PROBLEM DETAILS:
Starting with the first line of the material, reproduce exactly each line up to and including the one that contains "次世代を担うヴァイオリニスト", leaving out every picture.

/---

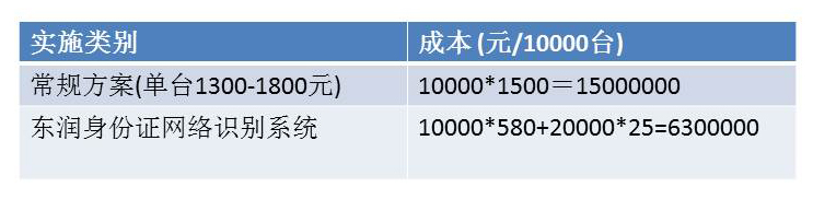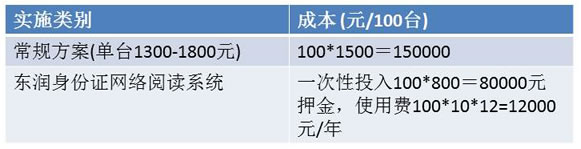 以10000个身份证阅读点且阅读频率较高为例,单机阅读模式和东润网络阅读模式(网络服务器用户自建,成本不超过20万)各自成本比较如下
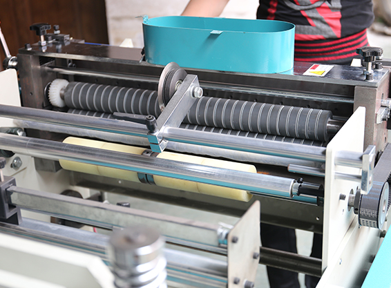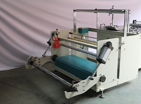 本机是热切机组的组成部分:适用于BOPP片材料的折合具有自动双面胶带、上珠光膜,滚齿纵封(与超声波发生器配套使用)、筒料破口(别加破口机构)等功能
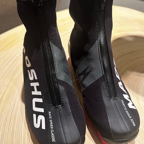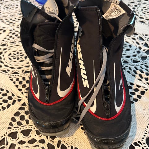 Madshus Active C langrennsstøvler i størrelse 42. Modellen er en klassisk langrennsstøvel med overtrekk og glidelås i front. Fargekombinasjon svart og rød. Støvlene har snøring under glidelåsen og er beregnet for bruk med klassiske langrennsbindinger som passer denne typen såle. Egnet til tur- og treningsbruk på ski.
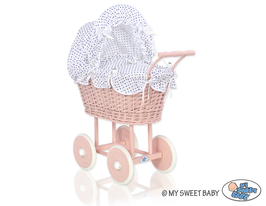 Kleinbaby.nl » Speelgoed Knuffels » Poppenwagens en Speelgoed » Poppenwagen van Riet » Poppenwagen Riet Poederroze » Rieten poppenwagen met stoffen kap Wit Marineblauw Polkaprikker Poederroze
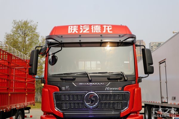 中网部分更偏向于陕汽X5000,鱼鳞状的设计看上去别具一格,而且周围增加了镀铬两条来进行装饰,整体前脸呈黑红搭配设计,这也是陕汽车上的经典配色。两侧的导流槽可以在行驶过程中保持车门两侧的清洁。
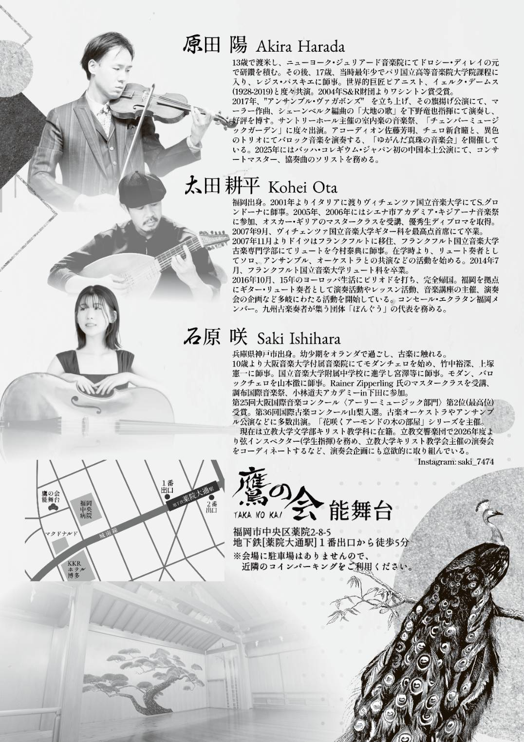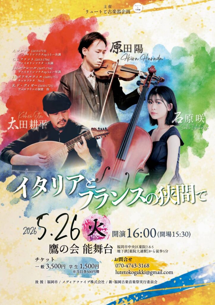 次世代を担うヴァイオリニスト、原田陽とチェロの石原咲、そしてリュートの太田耕平のトリオが再び福岡でお届けする演奏会。
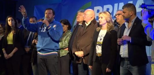 Latina, Adinolfi cita la Pontina e scoppia il microfono: è colpa dei comunisti, ma arriva Salvini

\---

EXERCISE OUTPUT:
 以10000个身份证阅读点且阅读频率较高为例,单机阅读模式和东润网络阅读模式(网络服务器用户自建,成本不超过20万)各自成本比较如下
 本机是热切机组的组成部分:适用于BOPP片材料的折合具有自动双面胶带、上珠光膜,滚齿纵封(与超声波发生器配套使用)、筒料破口(别加破口机构)等功能
 Madshus Active C langrennsstøvler i størrelse 42. Modellen er en klassisk langrennsstøvel med overtrekk og glidelås i front. Fargekombinasjon svart og rød. Støvlene har snøring under glidelåsen og er beregnet for bruk med klassiske langrennsbindinger som passer denne typen såle. Egnet til tur- og treningsbruk på ski.
 Kleinbaby.nl » Speelgoed Knuffels » Poppenwagens en Speelgoed » Poppenwagen van Riet » Poppenwagen Riet Poederroze » Rieten poppenwagen met stoffen kap Wit Marineblauw Polkaprikker Poederroze
 中网部分更偏向于陕汽X5000,鱼鳞状的设计看上去别具一格,而且周围增加了镀铬两条来进行装饰,整体前脸呈黑红搭配设计,这也是陕汽车上的经典配色。两侧的导流槽可以在行驶过程中保持车门两侧的清洁。
 次世代を担うヴァイオリニスト、原田陽とチェロの石原咲、そしてリュートの太田耕平のトリオが再び福岡でお届けする演奏会。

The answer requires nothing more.